▸ EXERCISE REQUIREMENTS:
All of the data is to be written out again exactly, without the pictures.

▸ Collected data entries:
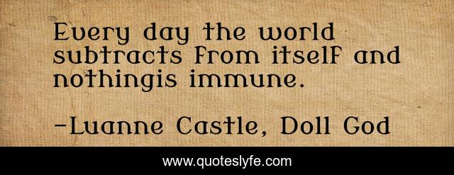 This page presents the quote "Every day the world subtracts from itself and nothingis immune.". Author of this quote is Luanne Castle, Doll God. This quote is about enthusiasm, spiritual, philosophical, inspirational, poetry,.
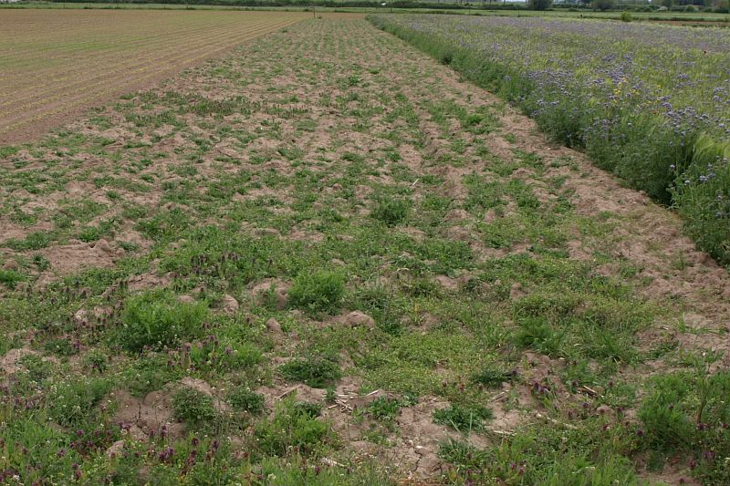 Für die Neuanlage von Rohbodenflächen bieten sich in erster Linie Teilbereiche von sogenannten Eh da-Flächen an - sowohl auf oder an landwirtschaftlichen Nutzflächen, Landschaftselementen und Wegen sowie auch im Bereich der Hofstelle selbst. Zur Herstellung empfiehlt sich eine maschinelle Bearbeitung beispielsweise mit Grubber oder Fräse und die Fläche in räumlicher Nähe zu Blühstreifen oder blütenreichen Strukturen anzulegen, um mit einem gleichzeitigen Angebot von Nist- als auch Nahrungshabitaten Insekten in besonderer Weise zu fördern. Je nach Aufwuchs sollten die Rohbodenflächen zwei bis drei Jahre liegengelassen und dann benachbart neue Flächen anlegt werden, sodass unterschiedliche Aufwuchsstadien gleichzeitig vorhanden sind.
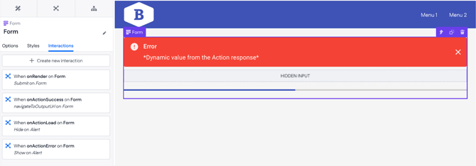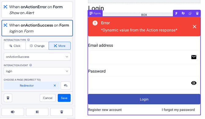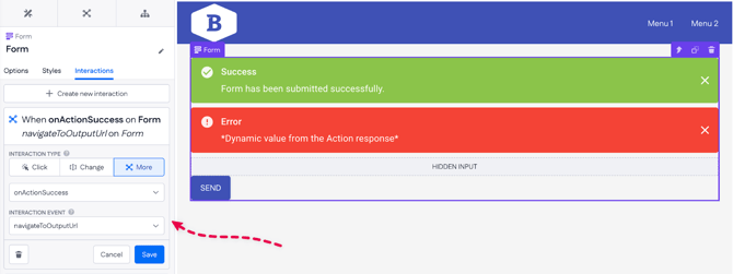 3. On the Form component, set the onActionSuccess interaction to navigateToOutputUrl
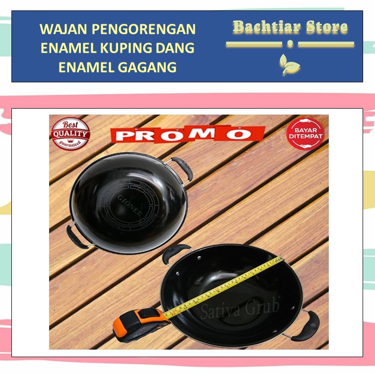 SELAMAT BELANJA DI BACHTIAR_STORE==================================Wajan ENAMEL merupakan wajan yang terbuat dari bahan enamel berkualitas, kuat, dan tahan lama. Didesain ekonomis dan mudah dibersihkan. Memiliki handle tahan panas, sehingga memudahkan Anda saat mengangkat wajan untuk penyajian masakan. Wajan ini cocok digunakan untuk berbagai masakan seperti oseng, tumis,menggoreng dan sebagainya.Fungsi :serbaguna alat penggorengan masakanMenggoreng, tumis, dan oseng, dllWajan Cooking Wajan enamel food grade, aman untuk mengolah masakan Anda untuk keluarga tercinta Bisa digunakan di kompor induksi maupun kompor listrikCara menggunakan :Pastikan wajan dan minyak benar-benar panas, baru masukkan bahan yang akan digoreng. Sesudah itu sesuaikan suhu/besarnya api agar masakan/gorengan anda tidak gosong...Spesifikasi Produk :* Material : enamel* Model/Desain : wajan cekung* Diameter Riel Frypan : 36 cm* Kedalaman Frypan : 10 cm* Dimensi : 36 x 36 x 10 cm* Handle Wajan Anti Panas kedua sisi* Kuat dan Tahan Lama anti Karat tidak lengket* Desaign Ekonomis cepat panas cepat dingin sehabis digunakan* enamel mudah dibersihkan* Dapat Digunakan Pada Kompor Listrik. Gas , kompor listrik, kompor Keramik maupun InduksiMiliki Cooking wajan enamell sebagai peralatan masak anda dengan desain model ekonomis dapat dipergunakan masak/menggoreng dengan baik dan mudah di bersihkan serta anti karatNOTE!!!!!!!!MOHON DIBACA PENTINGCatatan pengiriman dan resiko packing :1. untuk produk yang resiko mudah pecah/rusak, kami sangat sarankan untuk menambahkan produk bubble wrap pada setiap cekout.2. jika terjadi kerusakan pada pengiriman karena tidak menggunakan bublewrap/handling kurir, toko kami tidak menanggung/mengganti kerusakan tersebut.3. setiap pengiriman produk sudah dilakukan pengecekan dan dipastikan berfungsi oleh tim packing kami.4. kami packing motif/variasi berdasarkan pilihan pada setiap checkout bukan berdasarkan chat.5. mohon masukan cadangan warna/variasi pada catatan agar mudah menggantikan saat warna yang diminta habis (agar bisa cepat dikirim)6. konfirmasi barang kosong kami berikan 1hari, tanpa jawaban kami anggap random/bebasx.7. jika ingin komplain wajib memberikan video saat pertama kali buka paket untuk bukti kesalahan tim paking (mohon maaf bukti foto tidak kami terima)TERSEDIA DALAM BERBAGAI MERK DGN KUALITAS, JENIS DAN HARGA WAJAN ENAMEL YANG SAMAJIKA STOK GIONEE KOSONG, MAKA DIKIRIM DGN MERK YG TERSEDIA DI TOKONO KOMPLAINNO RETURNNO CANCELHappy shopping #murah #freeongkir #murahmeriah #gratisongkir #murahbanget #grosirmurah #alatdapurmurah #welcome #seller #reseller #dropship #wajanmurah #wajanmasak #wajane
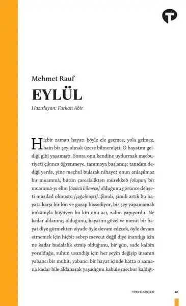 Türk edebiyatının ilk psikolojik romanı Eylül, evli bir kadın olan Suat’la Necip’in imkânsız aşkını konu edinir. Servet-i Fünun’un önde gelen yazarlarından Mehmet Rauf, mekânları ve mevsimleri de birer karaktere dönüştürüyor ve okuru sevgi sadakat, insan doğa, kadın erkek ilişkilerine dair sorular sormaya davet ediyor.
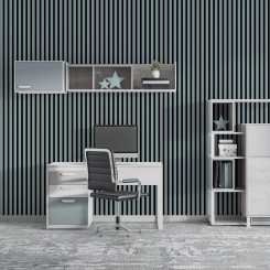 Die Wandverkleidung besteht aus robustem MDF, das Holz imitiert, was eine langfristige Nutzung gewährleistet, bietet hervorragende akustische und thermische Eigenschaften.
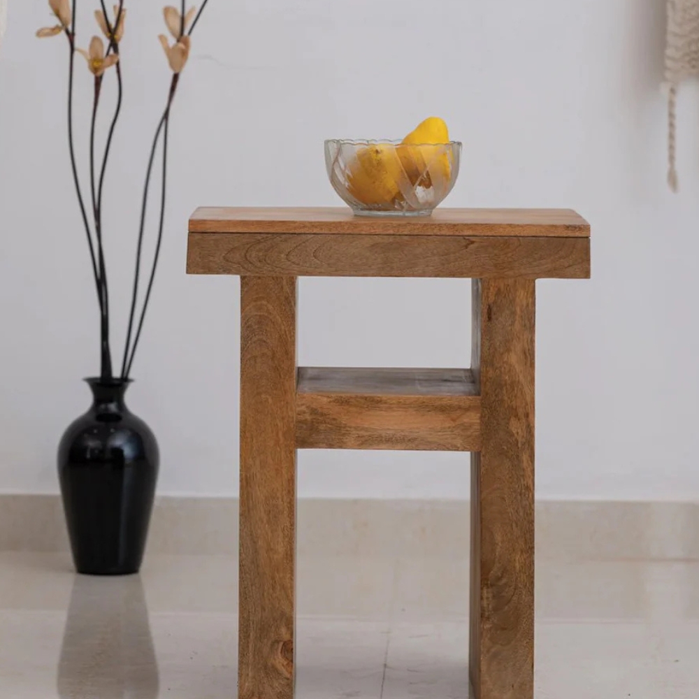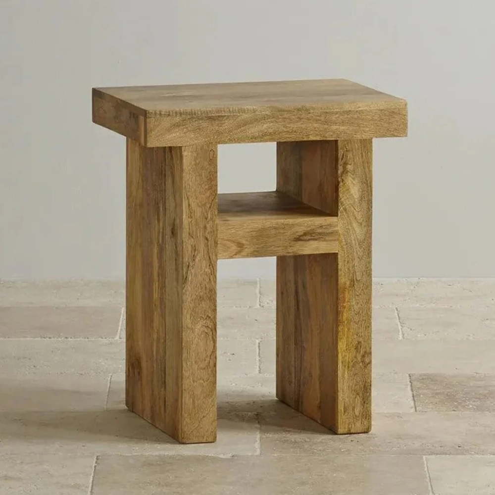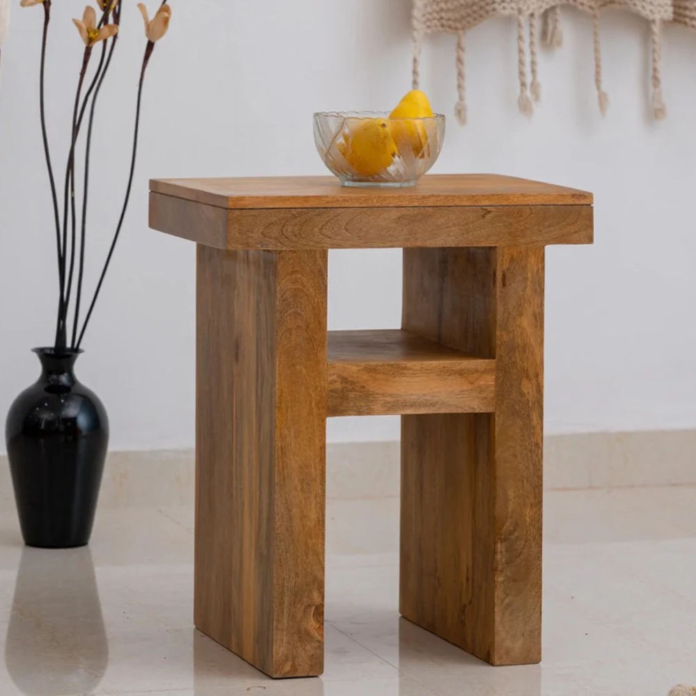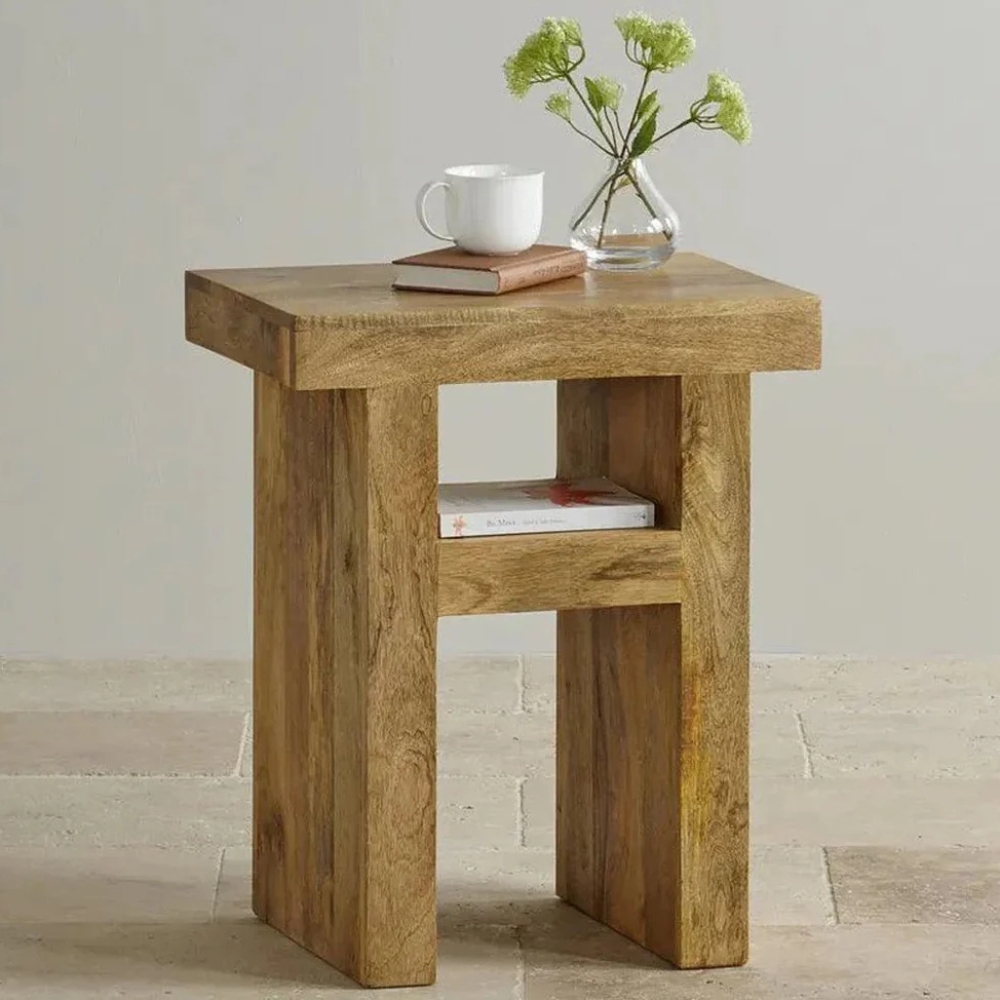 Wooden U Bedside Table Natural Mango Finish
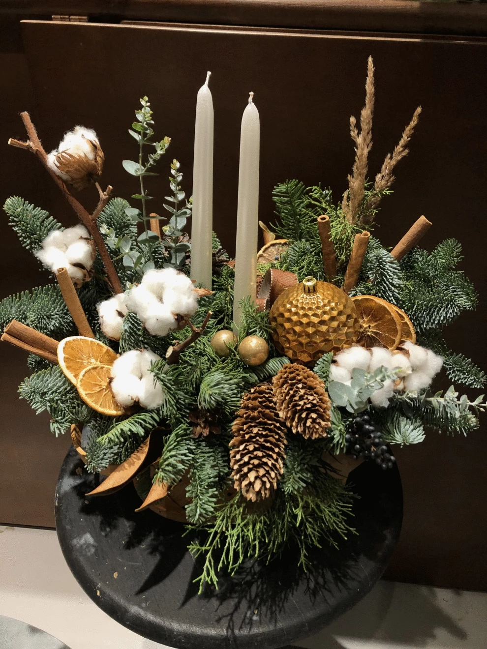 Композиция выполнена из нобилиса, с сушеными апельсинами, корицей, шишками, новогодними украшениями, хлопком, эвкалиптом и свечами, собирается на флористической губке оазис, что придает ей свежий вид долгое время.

▸ RESPONSE:
 This page presents the quote "Every day the world subtracts from itself and nothingis immune.". Author of this quote is Luanne Castle, Doll God. This quote is about enthusiasm, spiritual, philosophical, inspirational, poetry,.
 Für die Neuanlage von Rohbodenflächen bieten sich in erster Linie Teilbereiche von sogenannten Eh da-Flächen an - sowohl auf oder an landwirtschaftlichen Nutzflächen, Landschaftselementen und Wegen sowie auch im Bereich der Hofstelle selbst. Zur Herstellung empfiehlt sich eine maschinelle Bearbeitung beispielsweise mit Grubber oder Fräse und die Fläche in räumlicher Nähe zu Blühstreifen oder blütenreichen Strukturen anzulegen, um mit einem gleichzeitigen Angebot von Nist- als auch Nahrungshabitaten Insekten in besonderer Weise zu fördern. Je nach Aufwuchs sollten die Rohbodenflächen zwei bis drei Jahre liegengelassen und dann benachbart neue Flächen anlegt werden, sodass unterschiedliche Aufwuchsstadien gleichzeitig vorhanden sind.
 3. On the Form component, set the onActionSuccess interaction to navigateToOutputUrl
 SELAMAT BELANJA DI BACHTIAR_STORE==================================Wajan ENAMEL merupakan wajan yang terbuat dari bahan enamel berkualitas, kuat, dan tahan lama. Didesain ekonomis dan mudah dibersihkan. Memiliki handle tahan panas, sehingga memudahkan Anda saat mengangkat wajan untuk penyajian masakan. Wajan ini cocok digunakan untuk berbagai masakan seperti oseng, tumis,menggoreng dan sebagainya.Fungsi :serbaguna alat penggorengan masakanMenggoreng, tumis, dan oseng, dllWajan Cooking Wajan enamel food grade, aman untuk mengolah masakan Anda untuk keluarga tercinta Bisa digunakan di kompor induksi maupun kompor listrikCara menggunakan :Pastikan wajan dan minyak benar-benar panas, baru masukkan bahan yang akan digoreng. Sesudah itu sesuaikan suhu/besarnya api agar masakan/gorengan anda tidak gosong...Spesifikasi Produk :* Material : enamel* Model/Desain : wajan cekung* Diameter Riel Frypan : 36 cm* Kedalaman Frypan : 10 cm* Dimensi : 36 x 36 x 10 cm* Handle Wajan Anti Panas kedua sisi* Kuat dan Tahan Lama anti Karat tidak lengket* Desaign Ekonomis cepat panas cepat dingin sehabis digunakan* enamel mudah dibersihkan* Dapat Digunakan Pada Kompor Listrik. Gas , kompor listrik, kompor Keramik maupun InduksiMiliki Cooking wajan enamell sebagai peralatan masak anda dengan desain model ekonomis dapat dipergunakan masak/menggoreng dengan baik dan mudah di bersihkan serta anti karatNOTE!!!!!!!!MOHON DIBACA PENTINGCatatan pengiriman dan resiko packing :1. untuk produk yang resiko mudah pecah/rusak, kami sangat sarankan untuk menambahkan produk bubble wrap pada setiap cekout.2. jika terjadi kerusakan pada pengiriman karena tidak menggunakan bublewrap/handling kurir, toko kami tidak menanggung/mengganti kerusakan tersebut.3. setiap pengiriman produk sudah dilakukan pengecekan dan dipastikan berfungsi oleh tim packing kami.4. kami packing motif/variasi berdasarkan pilihan pada setiap checkout bukan berdasarkan chat.5. mohon masukan cadangan warna/variasi pada catatan agar mudah menggantikan saat warna yang diminta habis (agar bisa cepat dikirim)6. konfirmasi barang kosong kami berikan 1hari, tanpa jawaban kami anggap random/bebasx.7. jika ingin komplain wajib memberikan video saat pertama kali buka paket untuk bukti kesalahan tim paking (mohon maaf bukti foto tidak kami terima)TERSEDIA DALAM BERBAGAI MERK DGN KUALITAS, JENIS DAN HARGA WAJAN ENAMEL YANG SAMAJIKA STOK GIONEE KOSONG, MAKA DIKIRIM DGN MERK YG TERSEDIA DI TOKONO KOMPLAINNO RETURNNO CANCELHappy shopping #murah #freeongkir #murahmeriah #gratisongkir #murahbanget #grosirmurah #alatdapurmurah #welcome #seller #reseller #dropship #wajanmurah #wajanmasak #wajane
 Türk edebiyatının ilk psikolojik romanı Eylül, evli bir kadın olan Suat’la Necip’in imkânsız aşkını konu edinir. Servet-i Fünun’un önde gelen yazarlarından Mehmet Rauf, mekânları ve mevsimleri de birer karaktere dönüştürüyor ve okuru sevgi sadakat, insan doğa, kadın erkek ilişkilerine dair sorular sormaya davet ediyor.
 Die Wandverkleidung besteht aus robustem MDF, das Holz imitiert, was eine langfristige Nutzung gewährleistet, bietet hervorragende akustische und thermische Eigenschaften.
 Wooden U Bedside Table Natural Mango Finish
 Композиция выполнена из нобилиса, с сушеными апельсинами, корицей, шишками, новогодними украшениями, хлопком, эвкалиптом и свечами, собирается на флористической губке оазис, что придает ей свежий вид долгое время.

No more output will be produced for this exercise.